CHF unpegging vexes M&A outlook for small Swiss private banks
The small private-banking industry in Switzerland urgently needs to consolidate, given the impact of regulation, capital requirements and weak profitability of the over-banked sector. The unpegging of the CHF to the euro complicates the M&A outlook.
Small Swiss private banks will likely have to cut costs with the CHF unpegging from the euro. The bad news is the shock move by the Swiss National Bank (SNB) could complicate M&A among Swiss private banks given the macro uncertainty, market volatility and a lack of clarity over valuations, according to industry players.
A wave of consolidation and asset sales between Swiss private banks – small, medium and foreign-owned – began last year in earnest and was expected to continue this year and next as institutions grappled with the need to cut costs due to enhanced regulation and capital requirements.
Although the SNB move appears to have reinforced the structural rationale for consolidation – given the rising cost base and pressurized margins in an over-banked market – the M&A outlook is unclear.

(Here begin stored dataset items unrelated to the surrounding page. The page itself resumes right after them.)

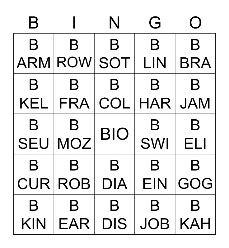 This bingo card has a free space and 29 words: B KIN, B HAM, B MOZ, B GOO, B ARM, B SOT, B FRA, B ROB, B SWI, B EAR, B ELI, B KAH, B DIS, B JOB, B JAM, B BIL, B DIA, B CUR, B BRA, B SEU, B EIN, B PAR, B HAR, B KEL, B LIN, B ROW, B GOG, B COL and B RON.
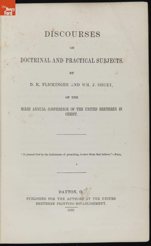 Written by D. K. Flickinger and William J. Shuey and published by the Printing Establishment of the United Brethren in Christ, Dayton, Ohio.
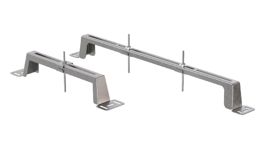 De montagebeugels worden stevig aan de aanwezige dekvloer vastgezet. De transportinlegger van de goot wordt met draadeinden aan de montagebeugel bevestigd en op de gewenste hoogte ingesteld. Na het gieten kunnen de transportinleggers en de montagebeugels weer worden verwijderd en is het rvs-onderdeel op exact de juiste hoogte vastgezet, zonder dat de scheidings- en afdichtingslagen worden beschadigd.
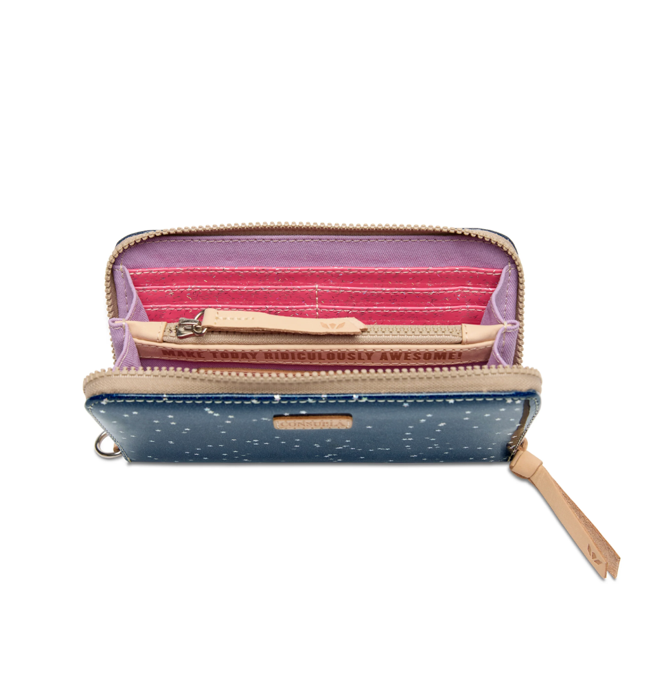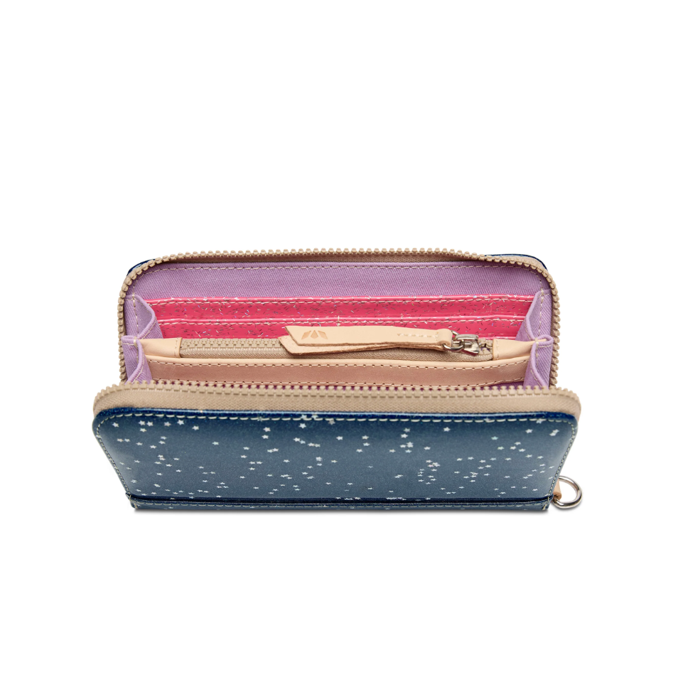 Function and versatility in the palm of your hand. Our new Essential Wallet is a streamlined, large capacity wallet with tons of room for cards, cash, and receipts — plus a zippered center compartment for coins and keepsakes. We added a D-ring so you can easily clip it to any Consuela wristlet strap or anchor onto an inside lanyard for added security.
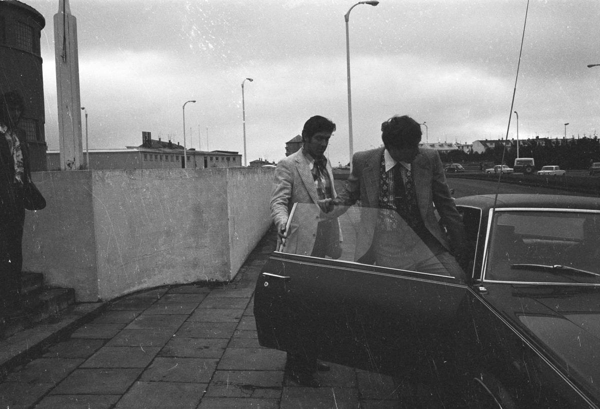 Fischer skrifar nafnið sitt á taflborðið rétt fyrir brottför.
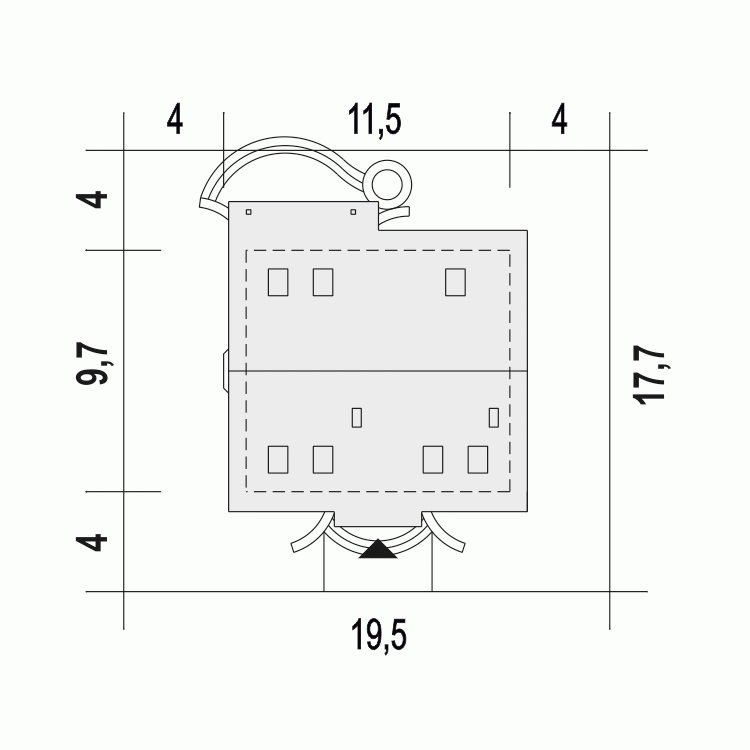 - Minimalne wymiary działki17.7 x 19.5m
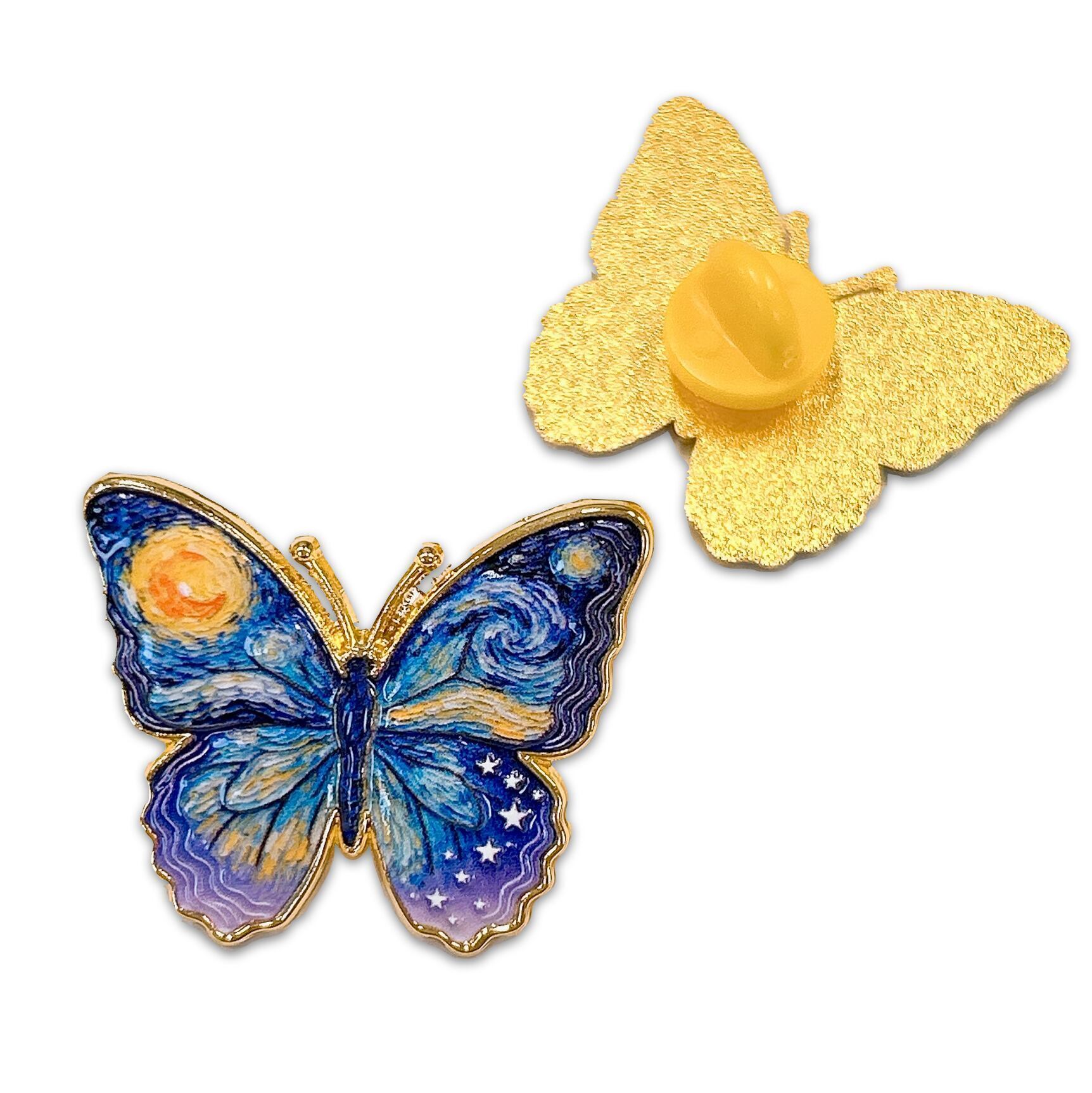 このゴッホ風のデザインが魅力のバタフライピンバッジは、

Ray Soudah, founder and CEO of MilleniumAssociates, an M&A and corporate advisory firm based in Switzerland and the UK, says: “The private banks are probably going to receive a margin squeeze of between 5% and 15% if the current exchange rate holds. For those who haven’t hedged their forecasted profits, that leaves them little else to do but cut costs or consolidate. I’d say that costs will need to cut between 5% and 10% at Swiss banks.
"Because of the unpredictability of profit margins and foreign-exchange moves, in the near term there will be a cooling effect on M&A as valuations will be too uncertain."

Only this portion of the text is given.